Hal ini terlihat dari jumlah pembaca yang hampir setiap hari memenuhi kios buku tersebut. Tak terkecuali saya sendiri, yang dua kali atau sekali sehari meski mendatangi kios buku tersebut. Intensitas membaca saya ketika itu lumayan tinggi. Satu novel dapat diselesaikan hanya dua sampai tiga hari. Novel-novel yang biasanya saya baca sampai tuntas seperti Wiro Sableng, Si Buta dari Gowa Hantu, Ko Phin ho, atau cerita komik yang waktu itu sangat digemari oleh para remaja seusia saya .

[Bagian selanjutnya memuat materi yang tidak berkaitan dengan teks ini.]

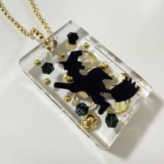 魔女とほうき チャーム キーホルダー ハロウィン ゴールド×ブラック レジン
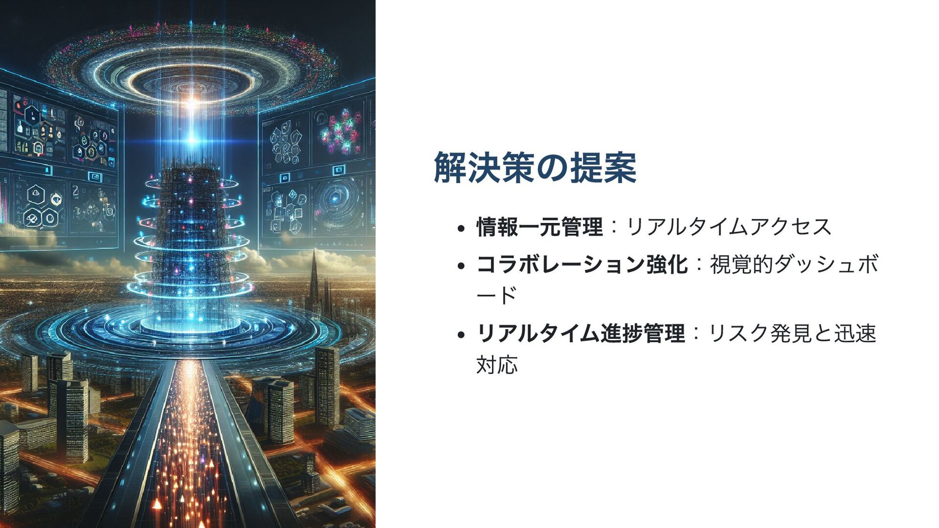 解決策の提案 情報一元管理:リアルタイムアクセス コラボレーション強化:視覚的ダッシュボ ード リアルタイム進捗管理:リスク発見と迅速 対応

Namun seiring perjalanan waktu, pada saat ini, menemukan sebuah kios bacaan yang menyewakan buku-buku kepada pembaca di Aceh mungkin sudah tidak ditemukan lagi. Beberapa kios buku bacaan yang dulu pernah beroperasi kini sudah ditutup karena tidak ada lagi pengunjungnya. Bisa jadi hal ini disebabkan oleh perkembangan teknologi pertelevisian yang berkembang cukup pesat pada pertenghan tahun 90 an. Pada saat itu televisi swasta hampir setiap hari menayangkan cerita-cerita, yang bebentuk drama keluarga, telenovela atau ceria silat.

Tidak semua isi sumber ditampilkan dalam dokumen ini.